A simple test is to cover up the typography and simply look at the graphic. Does it give the viewer an idea as to the nature of the business?
Another vital consideration is how your logo will feature in a variety of executions such as:
A) Business cards and stationery: Think of how your logo will appear on your card. Think in terms of the clarity of your logo and how it translates into small spaces.
B) Signage: How will your logo feature in a large format? The orientation (landscape or portrait) also comes into play.
C) Vehicles: This signage needs to be designed to stand out rather than fit in, with your branding as the primary message.
D) Uniforms: Make sure your logo will translate well on staff uniforms and that brand colours are well integrated.
E) Web and Mobile design: Your website is your ‘shop window’ so your logo should feature prominently.
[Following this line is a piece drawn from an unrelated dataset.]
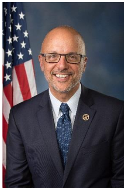
Ted Deutch Congressman Florida's 21 st District

Congressman Hastings graduated from Fisk University in 1958. He earned his law degree from Florida A&M University in Tallahassee.

Your logo should also respond without distortion across all mobile platforms (iPads, Smartphones).
6. Social media: Your logo should work well in the various formats for different social media platforms. For instance, on Instagram in a square format and for LinkedIn and Facebook, in a more rectangular graphic.
Check out the 10 most iconic logos of all time.
Hire the logo pro’s
Designing a logo is not the place to cut corners. So much of a brand’s success is dependent on a great foundation. The value of a good brand is immeasurable. Choose branding specialists that speak your language and make it their business to understand yours. You want to have a direct dialogue or even short workshop with your branding company. Make sure that the artwork they develop is original and not from clip art or a cheap copy of another brand. Professionals also understand how to develop a style guide to display how your logo should be treated in various applications and against different backgrounds. Having a logo style guide will save you many hours of heartache and ensure your brand retains its integrity wherever it appears.